Oracle by the numbers
Oracle shared a number of data points regarding its own ESG performance. Executives noted the following goals for 2025:
- 100% renewable energy use for Oracle Cloud and Oracle Operations
- 25% reduction in employee air travel emissions
- 100% of key suppliers has an environmental program in place
- 80% of key suppliers has emission reduction targets in place
- 33% reduction in potable water and waste to landfill per square foot
- Be carbon neutral
The company is also aiming for a 50% reduction in total emissions by 2030 and to be net zero by 2050.
So, how has Oracle done so far? Executives reported:
- 3 million pounds of retired hardware assets were collected for recycling or reuse in FY22 with 99.9% reused or recycled
- 88% of Oracle’s key direct manufacturing suppliers (representing 80+% of spend) have energy or carbon reduction goals in place
- 22% increase in renewable energy use in 2021 over the previous year
- And, 100% renewable energy used in 16 regions for Oracle Cloud data centers
That data center claim got my attention as it was, in one Oracle executive’s, ‘a slam dunk’ for Oracle. The company chose to locate its Oracle Cloud data centers near hydroelectric, solar farm, wind farm and/or geothermal energy sources. These cloud data centers represent Oracle’s biggest single energy consumption item. (see image below)
Oracle executives also highlighted a number of social targets and programs. More specifically, they noted:
- Oracle employees are involved in a number of volunteer opportunities and are given time to pursue these
- Oracle Education Foundation to teach young people technical skills
- Oracle Academy provides free computing training in 130 countries
- Oracle Giving supports thousands of non-profits globally
- Oracle Workforce supports diversity and accessibility initiatives
Oracle has also won awards for:
- Its diversity efforts
- Its employment of women
- Supporting the disabled community
- Support for LGBTQ, veterans, Generation Z and more
Oracle clearly sees that ESG has a long-life and will require ever more sophisticated applications to meet the ever growing regulatory requirements. Its vision and solutions are multi-faceted and will add value to those customers who want to do much more than simply meet short-term regulatory requirements.
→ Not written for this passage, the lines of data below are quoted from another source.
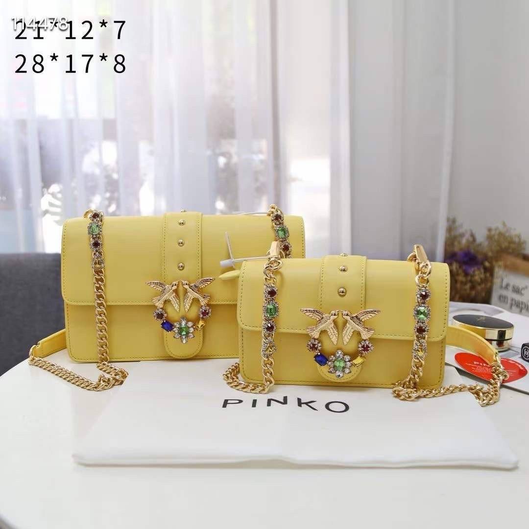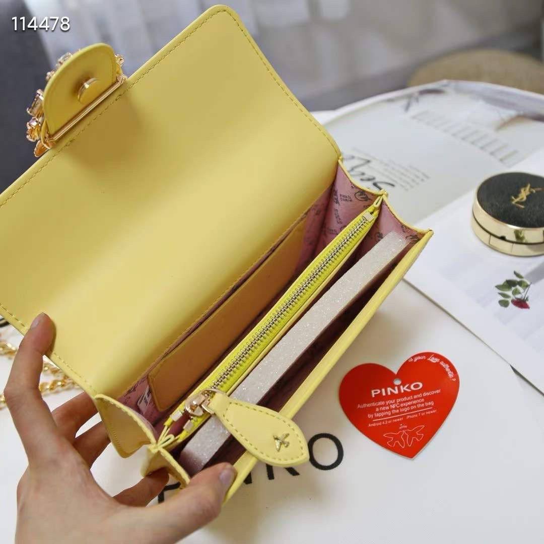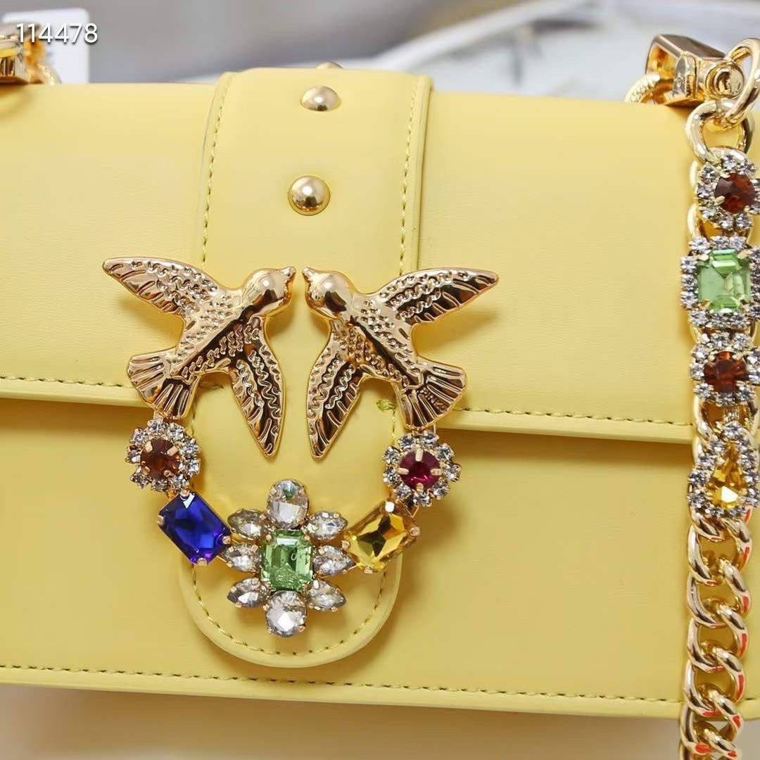 The Pinko Love Jewels Bag – Yellow is crafted from premium yellow leather and adorned with sparkling crystal details under the signature Love Birds gold buckle. Available in Mini for compact elegance and Medium for versatile daily use, it’s perfect for evening events or adding a touch of glamour to any outfit.
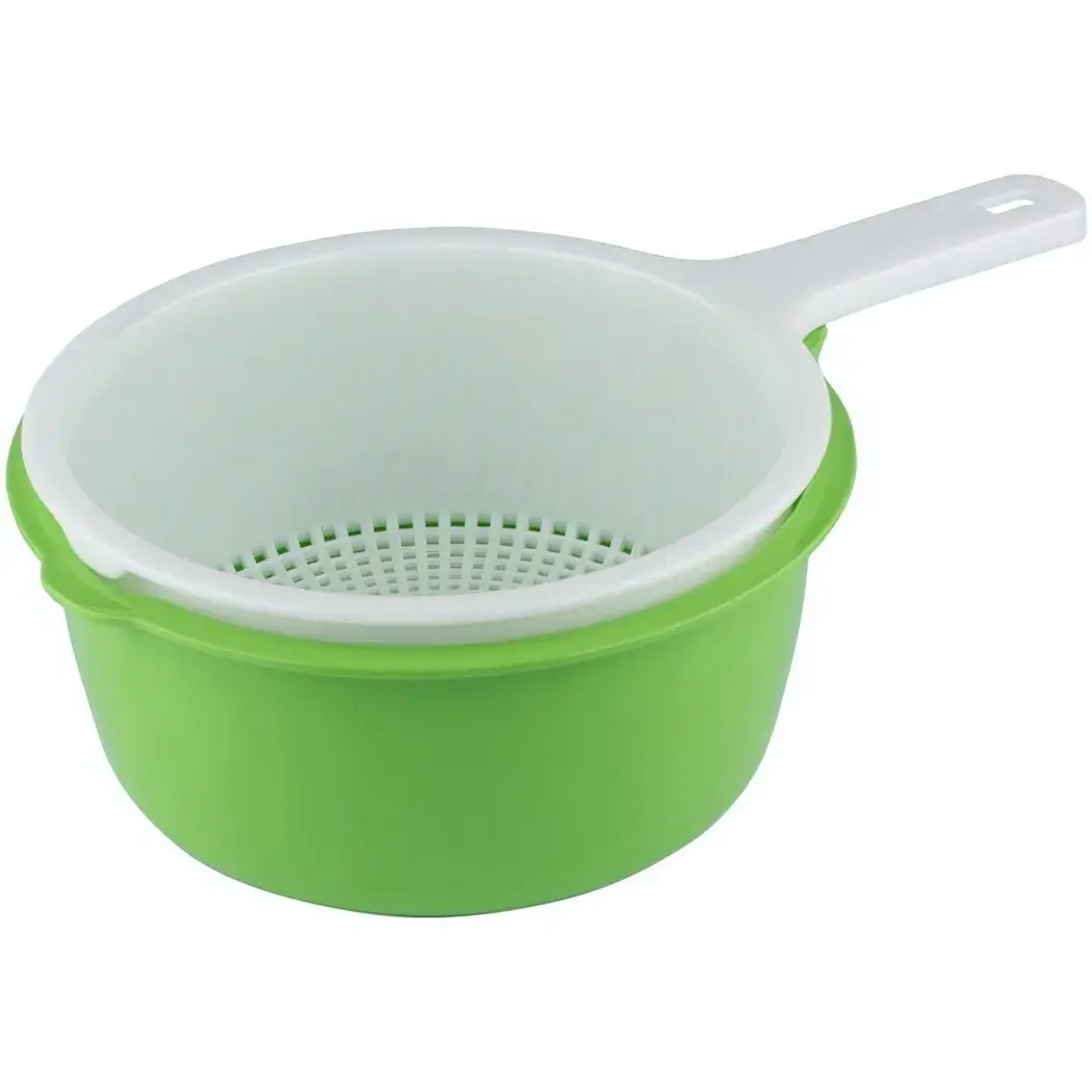 Купить пластиковый двойной дуршлаг стоит не только из-за его практичности, но и благодаря экономии пространства. Чаша меньшего дуршлага помещается в большую, что позволяет хранить его компактно и удобно. Этот дуршлаг легко моется, не портится от моющих средств и сохраняет свой первоначальный вид даже после многократного использования.
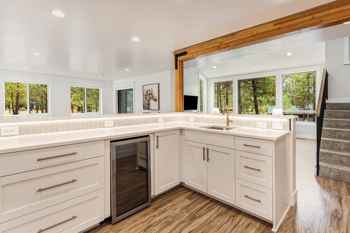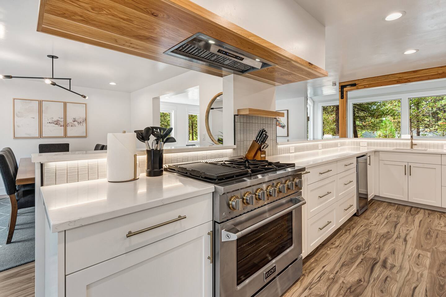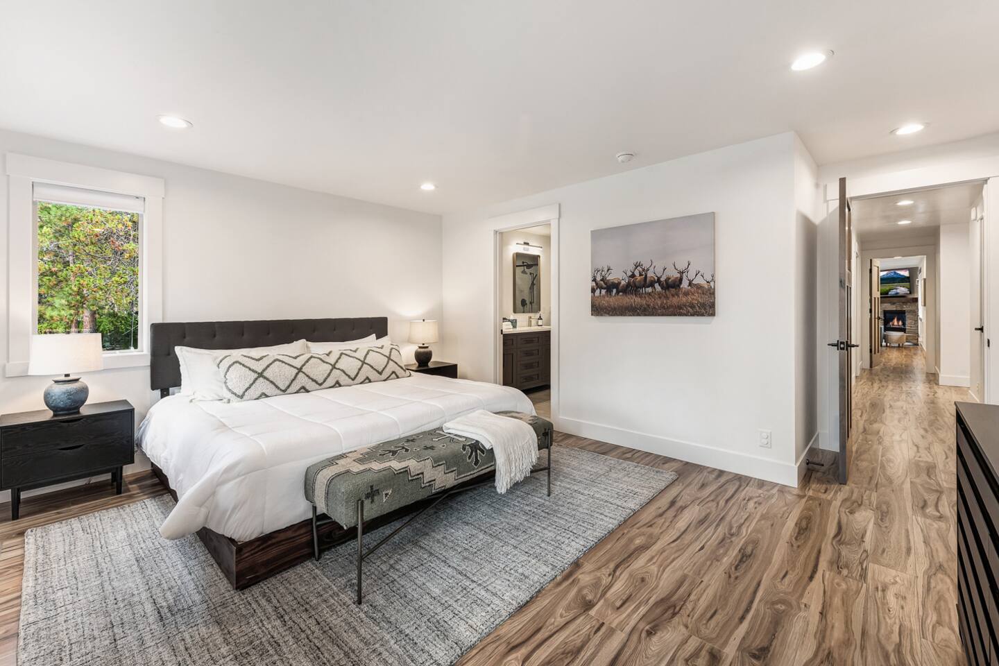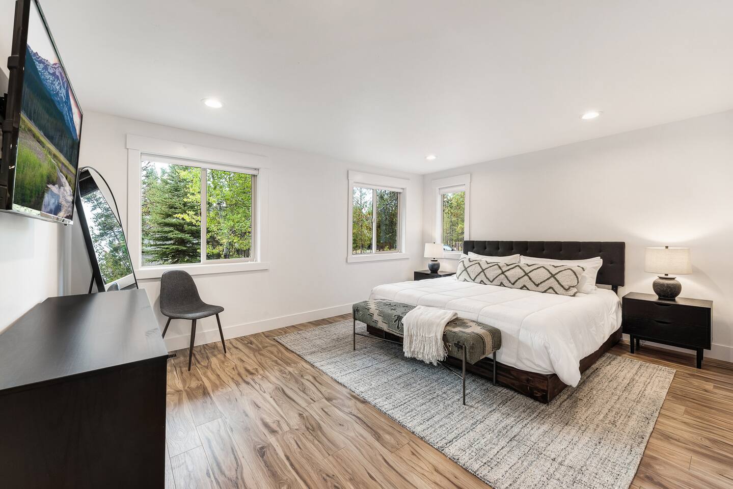 - Hot tub fully drained and refilled with fresh water between EVERY guest stay. - Gorgeous home, fully updated from top to bottom in an excellent central Sunriver location. - Short walk or bike ride to Fort Rock Park. - 5-minute drive to the Woodlands Golf Course, Sunriver Village for coffee, food, ice cream, and entertainment. - 10-minute bike ride (5-minute drive) to the Sunriver SHARC water park. - 2 separate dining rooms for large gatherings. - Golf course and forest views from house!
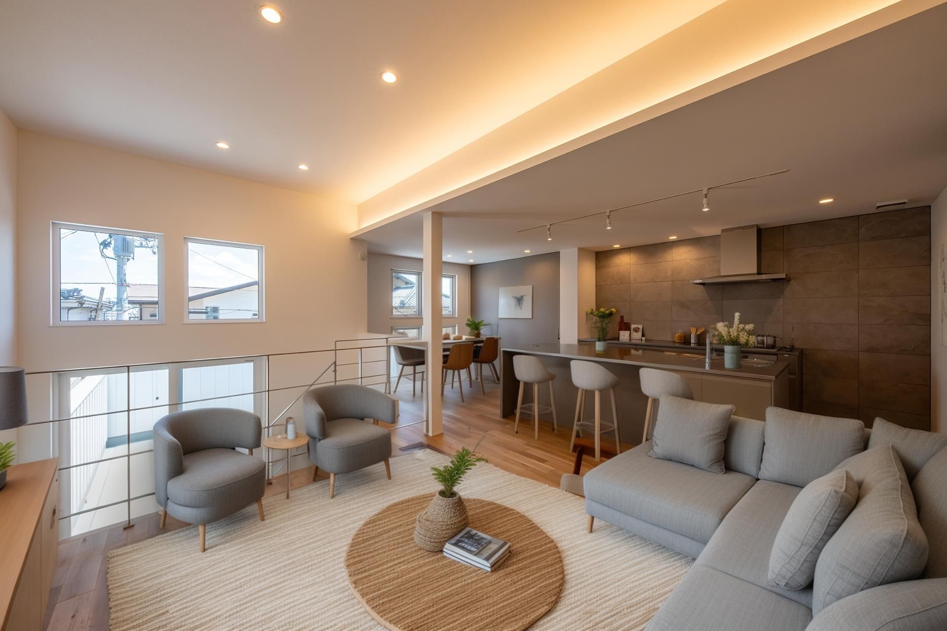 リビングにある大きな吹き抜けにより、どこにいても家族の気配を感じられます。

Oracle has some competition for an ESG solution set, but that market is surprising immature and not universally supported by application software vendors. For some software firms, in fact, they’ve left the development of ESG solutions to their software or implementation partners to create. Bolt-on or incremental solutions are often the first wave of net-new solutions but given the all-encompassing impact of ESG requirements on the totality of an enterprise, a more complete, integrated product set will likely follow.
There is a lot Oracle can leverage within its OCI, Fusion Apps, analytics and other products. Time will tell how much Oracle will continue to invest in these solutions and what kind of customer adoption will follow. Given that regulatory requirements keep moving more down-market (and that larger firms are demanding ESG data from ever smaller suppliers), the customer adoption should continue to grow.